Gemeinsam sind wir stark

Als Teil des sozialen Netzwerkes pflegen wir eine gute Zusammenarbeit mit:

• Hausärzten
• dem Krankenhaus
• Apotheke
• den Seelsorgern
• Amt der Tiroler Landesregierung
• Aus- und Fortbildungsstätten
• Rettungsdienst
• Therapeuten
• Fachärzten
• Friseur
• Fußpflege

• Ebenso führen wir einen offenen Informationsaustausch mit anderen Alten- und Pflegeheimen.

• Die gute Zusammenarbeit mit dem Sozial- und Gesundheitssprengel in unserem Haus ist eine wertvolle Ergänzung.

• Wir freuen uns über ehrenamtliche Mitarbeiter, sehen sie als Unterstützung in unseren Aufgaben und bringen ihnen unsere Wertschätzung entgegen.

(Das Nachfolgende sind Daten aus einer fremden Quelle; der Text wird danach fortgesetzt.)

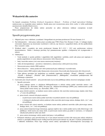 Wskazówki dla autorów Na łamach czasopisma Problemy Drobnych Gospodarstw Rolnych – Problems of Small Agricultural Holdings zamieszczane są oryginalne prace naukowe. Każda praca jest recenzowana przez dwie osoby w trybie podwójnej anonimowości (double-blind review). Prace proponowane do druku należy przesyłać na adres sekretarza redakcji czasopisma (e-mail: [email protected]). Sposób przygotowania prac 1. Objętość prac wraz z tabelami, rysunkami i fotografiami nie powinna przekraczać 20 stron formatu A-4. 2. Styl dokumentów – tekst pracy należy pisać czcionką typu TNR (Times New Roman) 12 pkt, 1,5 odstępu między wierszami; dopuszcza się stosowanie wyróżnień w tekście, np. kursywy i pogrubień tekstu, ale bez podkreślania liter, wyrazów i zdań. 3. Wielkość tabel i rysunków nie może przekraczać formatu B-5 (12,5 × 19,5 cm); preferowane wykresy dwuwymiarowe. Tabele i ilustracje powinny być ponumerowane zgodnie z kolejnością ich występowania w tekście. 4. Układ pracy: • Tytuł artykułu w języku polskim i angielskim (lub angielskim i polskim, jeżeli cała praca jest napisana w języku angielskim); to samo dotyczy streszczenia i słów kluczowych. • Imię i nazwisko autora (-ów) oraz nazwa macierzystej instytucji. • Adres do korespondencji – pocztowy i internetowy, umieszczony u dołu pierwszej strony. • Streszczenie pracy (około 2000 znaków). • Słowa kluczowe – należy podać do 6 słów pomocnych przy indeksacji i wyszukiwaniu. • Abstract (około 2000 znaków) jako tłumaczenie streszczenia i Keywords jako tłumaczenie słów kluczowych. • Tekst główny powinien być podzielony na rozdziały (opatrzone tytułami): „Wstęp”; „Materiał i metody”; „Wyniki i dyskusja”; „Wnioski” (lub „Podsumowanie”); „Bibliografia”; ewentualnie podziękowania lub informacje o sponsorze. 5. Cytowanie prac innych autorów – przy powoływaniu się na inne publikacje należy stosować następujące zasady: • Sposób cytowania: a) praca jednego autora: w odsyłaczu bibliograficznym w tekście należy podać nazwisko autora i rok publikacji, np.: (Kowalski, 2009), lub pisać np.: zdaniem Kowalskiego (2009); przy zamieszczaniu cytatu należy podać numer strony, np.: (Kowalski, 2009, s. 52) b) praca dwóch autorów: za każdym razem należy podawać oba nazwiska (umieszczając między nimi literę „i”) oraz rok publikacji c) praca trzech, czterech lub pięciu autorów: – za pierwszym razem należy podać nazwiska wszystkich autorów oraz rok publikacji – w kolejnych odsyłaczach należy podawać tylko nazwisko pierwszego autora, dodając skrót „i in.”, oraz rok publikacji d) praca sześciu lub więcej autorów: za każdym razem należy podawać nazwisko tylko pierwszego autora, dodając skrót „i in.”, oraz rok publikacji e) praca autora korporatywnego (instytucja, agencja rządowa itp.): należy podać nazwę ciała zbiorowego i rok publikacji. Jeżeli nazwa ma znany skrót, za pierwszym razem należy go podać w nawiasie, a w kolejnych odsyłaczach podawać tylko sam skrót f) praca autora nieznanego: należy podać tytuł pracy i rok publikacji • Kolejność odsyłaczy: przy powoływaniu się w tym samym nawiasie na dwie lub więcej prac należy odsyłacze ustawić w porządku alfabetycznym według nazwisk pierwszych autorów (tj. tak jak w wykazie piśmiennictwa) i oddzielić średnikiem. Prace tego samego autora należy uporządkować chronologicznie (zaczynając od najstarszych, a kończąc na pracach znajdujących się w druku); nazwisko autora podać tylko raz, a dla kolejnych prac wpisać tylko datę 6. Zapis bibliografii* – wykaz piśmiennictwa należy zestawić w porządku alfabetycznym w następujący sposób: • Książka: nazwisko (-a) autora (-ów), inicjały imion; rok wydania (jeżeli z danego roku pochodzi więcej prac tego samego autora, po roku należy dodać oznaczenie literowe poszczególnych pozycji: a, b, c itd.); tytuł pracy; nazwa miejsca wydania i wydawnictwa • Warianty: a) książka napisana pod redakcją: nazwisko (-a) redaktora (-ów), inicjały imion; skrót „red.” w nawiasie okrągłym; rok wydania; dalsze informacje jw. b) rozdział w pracy zbiorowej: nazwisko (-a) autora (-ów), inicjały imion; rok wydania; tytuł rozdziału; informacja o książce, z której pochodzi rozdział (litera „W”; dwukropek; inicjały imion i nazwisko (-a) redaktora (-ów), skrót „red.” w nawiasie okrągłym; tytuł książki; zakres stron podany w nawiasie okrągłym; nazwa miejsca wydania i wydawnictwa) Kata, R. (2011). Ekonomiczne i instytucjonalne czynniki kształtujące powiązania finansowe gospodarstw rolniczych z bankami. Rzeszów: Wydawnictwo Uniwersytetu Rzeszowskiego. Czapiński, J., Panek, T. (red.) (2014). Diagnoza Społeczna 2013. Warunki i jakość życia Polaków. Warszawa: Ministerstwo Pracy i Polityki Społecznej, Centrum Rozwoju Zasobów Ludzkich. Penczar, M. (2014). Ocena poziomu edukacji finansowej w Polsce na tle krajów UE, W: M. Penczar (red.), Rola edukacji finansowej w ograniczaniu wykluczenia finansowego (s. 11–26). Gdańsk: Fundacja Rozwoju Uniwersytetu Gdańskiego. • Artykuł w czasopiśmie: nazwisko (-a) autora (-ów), inicjały imion; rok wydania; tytuł pracy; tytuł czasopisma oraz a) numer tomu/rocznika (zapisany kursywą), numer zeszytu i numery stron w danym zeszycie – w przypadku czasopism, w których każdy kolejny zeszyt w obrębie jednego rocznika ma osobną numerację stron (tzn. w każdym zeszycie pierwsza strona nosi numer 1) b) numer tomu/rocznika (zapisany kursywą) i numery stron w ramach tomu – w przypadku czasopism, w których kolejne zeszyty w obrębie jednego rocznika nie mają osobnej numeracji stron (tzn. pierwsza strona w danym zeszycie nosi numer kolejny po numerze ostatniej strony w zeszycie poprzednim) Uwaga 1: Jeżeli artykuł ma numer DOI (Digital Object Identifier), należy podać go na końcu zapisu bibliog
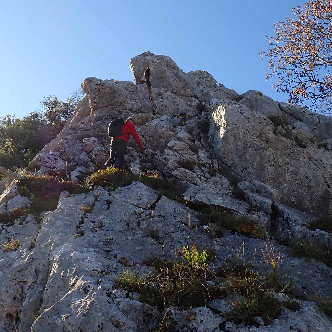 L’ovvio proseguimento della gita sarà fino al Memoriante lungo il tratto finale della cresta Nord o di Vallemagna. Quanto all’accesso, che in ogni caso, in assenza di sentieri, dovrà essere effettuato al meglio, anziché quello dal sottostante sent. 386 si preferisce descrivere quello dall’alto, cioè dalla Sella del Romitorio, perché esso permette di traversare alla base tutto il versante Est del Memoriante, in ambiente facile (benché scomodo) e suggestivo. Alla Sella del Romitorio conviene arrivare da Lucchio percorrendo la bella parte rocciosa della cresta Nord della Penna di Lucchio e traversando poi a destra con l’it. F27 del libro prima della parte finale boscosa della cresta, meno interessante: in questo modo si evita il più lungo giro attraverso l’anticima Nord della Penna di Lucchio.

• Der Träger (Gemeindeverband) mit den Gemeinden Ebbs, Erl, Niederndorf, Niederndorferberg, Rettenschöss und Walchsee, ermöglicht uns gute Rahmenbedingungen.

 

Warum wir gerne hier arbeiten

• Wir begegnen einander unabhängig der Position in menschlicher Achtung, mit Respekt und Toleranz und nehmen die persönlichen Bedürfnisse jedes Einzelnen ernst.

• Alle sind verantwortlich für ein gutes Arbeitsklima. Dies bedingt Motivation, Zuverlässigkeit, Hilfsbereitschaft, aktives Mitdenken, Ehrlichkeit und Kritikfähigkeit.

• Wo Menschen leben und arbeiten, entstehen Konflikte. Wir wollen miteinander reden und nicht übereinander.

• Aus- und Weiterbildungen haben einen großen Stellenwert – wir fördern dadurch die Fach- und Sozialkompetenz, die Eigenverantwortung und die Selbstsicherheit der Mitarbeiter.

• Mitarbeiter und Vorgesetzte lernen aus dem konstruktiven Umgang mit Fehlern und Konflikten, d.h. wir begreifen Wandel als Chance und nicht als Bedrohung.

• Jeder einzelne Mitarbeiter trägt zum gemeinsamen Erfolg bei.

• Wir orientieren uns an den Inhalten dieses Leitbildes. Es stärkt unsere Gemeinsamkeit und ist Richtungsweiser für unseren Weg und unsere Entwicklung.

• Jeder von uns verpflichtet sich im Hause vorzuleben, was hier als Grundlage und Maßstab unseres Handelns formuliert ist.